While there is no place for ridicule, name-calling, self-righteousness, or bullying toward any sinner, we do well to instruct ourselves from the Bible rather than from a politically-correct culture that has long despised the convicting power of Scripture. "The law of the Lord is perfect, converting the soul." (Psalm 19:7) The same Bible that teaches that God loves sinners teaches us what a sinner is. To skip over the bad news is to nullify the good news.

This Christmas, let us not forget what the name Jesus means, as His coming was told to Joseph: "And thou shalt call his name JESUS: for he shall save his people from their sins." (Matthew 1:21)

The power of the blood of Christ is not just about getting us into heaven "someday," but also in delivering us today from the power of sin in our lives. And so, from one sinner to another--Jesus loves you. He came to save you from your sins. What a Savior!

Wednesday, December 11, 2013


Six Parenting Traps to Avoid

My brothers like to reminisce about the time they fooled me into running out into our garden to “see something, quick!”  They both stood excitedly in the soft, spring dirt, waving their hands and shouting.  I ran out to see “it,” and promptly fell into a hole they had dug and disguised under straw.  Having had to endure my bossiness and my many hours in front of the mirror each day (trying to figure out how to use a curling iron), they had appointed themselves my “Ministers of Humility.”  And that day, they were profoundly rewarded. 

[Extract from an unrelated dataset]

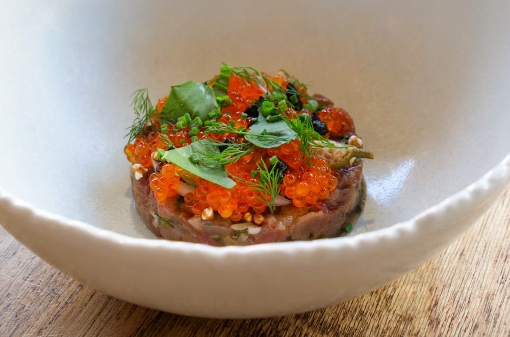Le tartare de bœuf local, soja basilic, sarrasin soufflé, confiture d’algues nori et œufs de truite m’a totalement séduite. Une entrée travaillée, le dressage d’une grande table, pour un prix tout doux de 14,50 €. Leur adresse reflète leur personnalité : claire, exigeante, sans surjeu. Pas de démonstration, mais une vraie maîtrise du goût et des textures.

Satan has laid traps for us as well.  (Please ignore the metaphor here that compares my brothers to “Satan.”  They really are wonderful people!).   Of course, there are more than six traps, but here are six that I can relate to because I’ve done or been tempted to do all of them.  Maybe you have too.  Let’s talk about these pitfalls, with the hope of avoiding them next time Satan waves his hands and draws us toward them. 

 

1.  Not aiming for the heart.  Solomon, in his earlier (and wiser) years, implored, “My son, give me thine heart.”  (Proverbs 23:26)  Those of us with strong personalities can drag good behavior out of anyone, through intimidation and filibuster.  But that is no guarantee we have our children’s hearts.  One very quick and easy test is this:  “What do my children do when I’m not around?”  Selective obedience is a tell-tale sign that our children are simply enduring a set of rules, which will be abandoned as soon as they “get out” (or even before).   Poor attitudes, provocative  Facebook posts and “selfies”, lack of communication with authority, rebellious friends, a curiosity toward the world and a lack of interest in the Lord, inappropriate music, photos, or videos on their phones, and a muted desire to be around family all point to a heart that has strayed.   Parents who think they can “force” that heart back will be frustrated.   Hearts must be drawn, not dragged.  And of course, our primary mission is to make sure that Jesus has our children’s hearts in the first place, through the salvation that He gives and the power of His Holy Spirit throughout their Christian life.  We do well to pray that God will use anything or anyone to allow our kids will get caught when they are getting involved with secret sin.  Sure, it’s embarrassing, and comes with high consequences the older they get.  But what’s your goal?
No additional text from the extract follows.